This calls for a verbatim copy of all the data, with no images carried over.

[Saved data entries]
----------
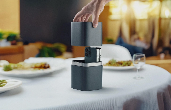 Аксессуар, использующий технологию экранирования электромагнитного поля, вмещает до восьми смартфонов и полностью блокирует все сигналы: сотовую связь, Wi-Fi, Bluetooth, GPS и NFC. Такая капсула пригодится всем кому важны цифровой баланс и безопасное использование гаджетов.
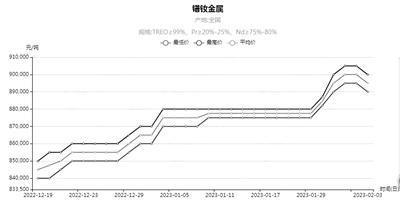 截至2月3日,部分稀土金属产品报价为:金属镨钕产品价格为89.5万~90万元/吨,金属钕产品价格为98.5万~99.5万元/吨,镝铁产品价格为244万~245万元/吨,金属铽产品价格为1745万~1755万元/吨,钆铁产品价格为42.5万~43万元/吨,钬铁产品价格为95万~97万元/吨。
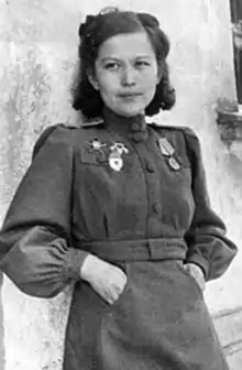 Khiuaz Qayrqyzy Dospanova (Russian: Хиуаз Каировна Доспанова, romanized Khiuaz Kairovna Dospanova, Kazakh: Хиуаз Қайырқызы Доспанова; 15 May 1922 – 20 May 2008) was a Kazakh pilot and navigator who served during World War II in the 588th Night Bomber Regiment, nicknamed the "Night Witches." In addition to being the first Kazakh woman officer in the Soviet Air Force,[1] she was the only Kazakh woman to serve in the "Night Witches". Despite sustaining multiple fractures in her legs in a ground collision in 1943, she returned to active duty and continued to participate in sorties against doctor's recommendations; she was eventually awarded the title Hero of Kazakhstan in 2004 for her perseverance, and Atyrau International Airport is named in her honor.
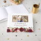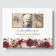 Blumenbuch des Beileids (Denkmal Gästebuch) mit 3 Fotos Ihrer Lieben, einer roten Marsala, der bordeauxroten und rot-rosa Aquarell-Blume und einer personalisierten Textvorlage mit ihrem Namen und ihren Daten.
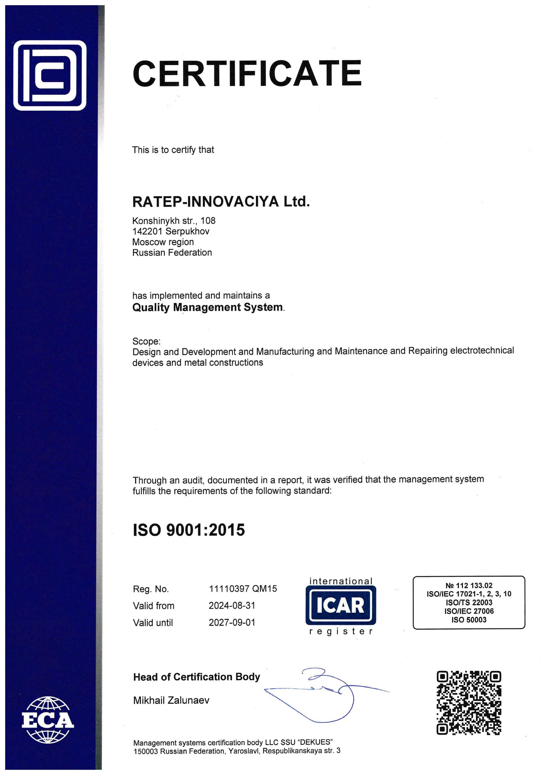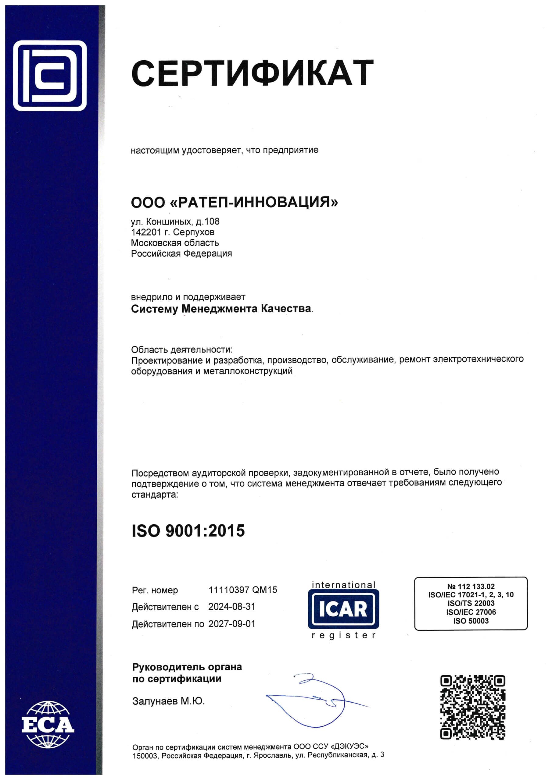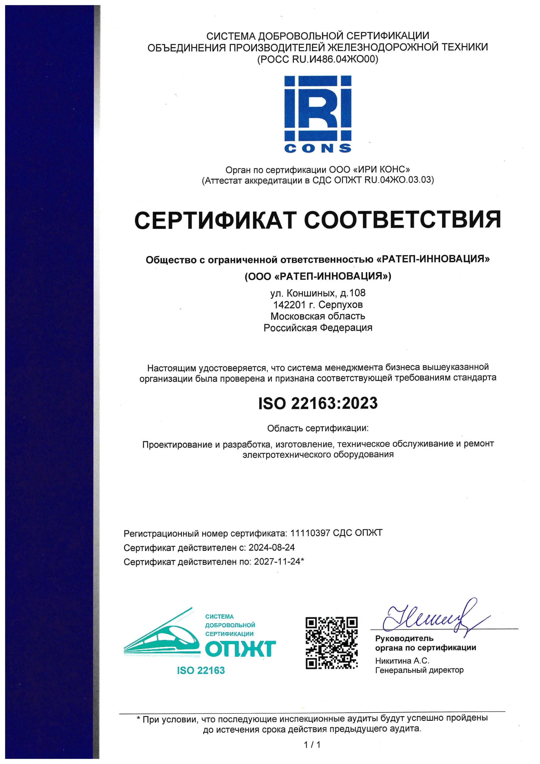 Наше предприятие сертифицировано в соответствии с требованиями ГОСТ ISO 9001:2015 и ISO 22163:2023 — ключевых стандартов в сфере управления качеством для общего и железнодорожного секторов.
----------
→ Solution for this task:
 Аксессуар, использующий технологию экранирования электромагнитного поля, вмещает до восьми смартфонов и полностью блокирует все сигналы: сотовую связь, Wi-Fi, Bluetooth, GPS и NFC. Такая капсула пригодится всем кому важны цифровой баланс и безопасное использование гаджетов.
 截至2月3日,部分稀土金属产品报价为:金属镨钕产品价格为89.5万~90万元/吨,金属钕产品价格为98.5万~99.5万元/吨,镝铁产品价格为244万~245万元/吨,金属铽产品价格为1745万~1755万元/吨,钆铁产品价格为42.5万~43万元/吨,钬铁产品价格为95万~97万元/吨。
 Khiuaz Qayrqyzy Dospanova (Russian: Хиуаз Каировна Доспанова, romanized Khiuaz Kairovna Dospanova, Kazakh: Хиуаз Қайырқызы Доспанова; 15 May 1922 – 20 May 2008) was a Kazakh pilot and navigator who served during World War II in the 588th Night Bomber Regiment, nicknamed the "Night Witches." In addition to being the first Kazakh woman officer in the Soviet Air Force,[1] she was the only Kazakh woman to serve in the "Night Witches". Despite sustaining multiple fractures in her legs in a ground collision in 1943, she returned to active duty and continued to participate in sorties against doctor's recommendations; she was eventually awarded the title Hero of Kazakhstan in 2004 for her perseverance, and Atyrau International Airport is named in her honor.
 Blumenbuch des Beileids (Denkmal Gästebuch) mit 3 Fotos Ihrer Lieben, einer roten Marsala, der bordeauxroten und rot-rosa Aquarell-Blume und einer personalisierten Textvorlage mit ihrem Namen und ihren Daten.
 Наше предприятие сертифицировано в соответствии с требованиями ГОСТ ISO 9001:2015 и ISO 22163:2023 — ключевых стандартов в сфере управления качеством для общего и железнодорожного секторов.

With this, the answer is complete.